Friday, July 27, 2018

Thursday, July 26, 2018

From Newsweek: EU Chief actually used colorful flash cards to teach Trump about tariffs

The only way to get through to him....and this is our President. (Double SIGH and SOB)  Don't forget to vote in November!!!!
Crying Face on HTC Sense 8

Newsweek:

EU CHIEF USED BRIGHT, SIMPLE FLASH CARDS TO EXPLAIN TRADE WAR TO TRUMP: REPORT


President Donald Trump and European Commission Chief Jean-Claude Juncker held a successful round of trade negotiations Wednesday at the White House, partially due to Juncker's use of colorful cards with easy to read, simple explanations of the situation at hand, a senior EU official who was in the room during negotiations told The Wall Street Journal.

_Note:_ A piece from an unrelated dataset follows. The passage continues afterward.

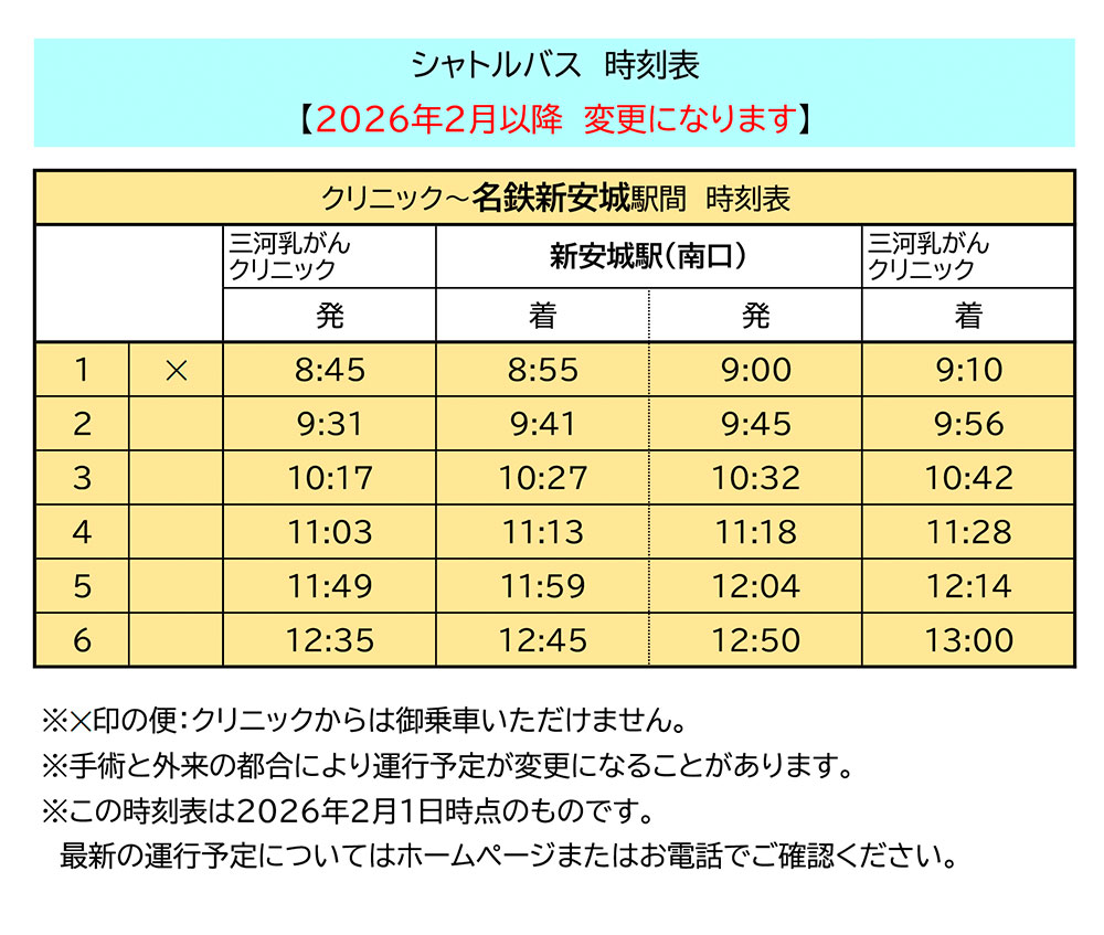三河乳がんクリニックでは、当院と「名鉄新安城駅」および「JR三河安城駅」を結ぶ循環バスを運行しています。

As a result of the meeting, Trump said that he would not increase tariffs on European cars and that the European Union would buy more soybeans and liquified natural gas from the United States. During joint remarks in the White House Rose Garden, it was announced that the leaders would "work together toward zero tariffs, zero non-tariff barriers, and zero subsidies on non-auto industrial goods."

The announcement came just one day after the Trump administration issued a $12 billion bailout to American farmers caught in the middle of the trade wars between the U.S., Europe, China, Mexico and Canada.

The result of the meeting between the two officials beat expectations on both sides. On the plane ride to Washington D.C., Juncker confessed to reporters that he did not feel ready and "we'll have to see how it goes." But the Oval Office discussion lasted three hours and ended in an agreement. It appeared that the president had reversed course from his stance in previous weeks when he called the EU his "foe."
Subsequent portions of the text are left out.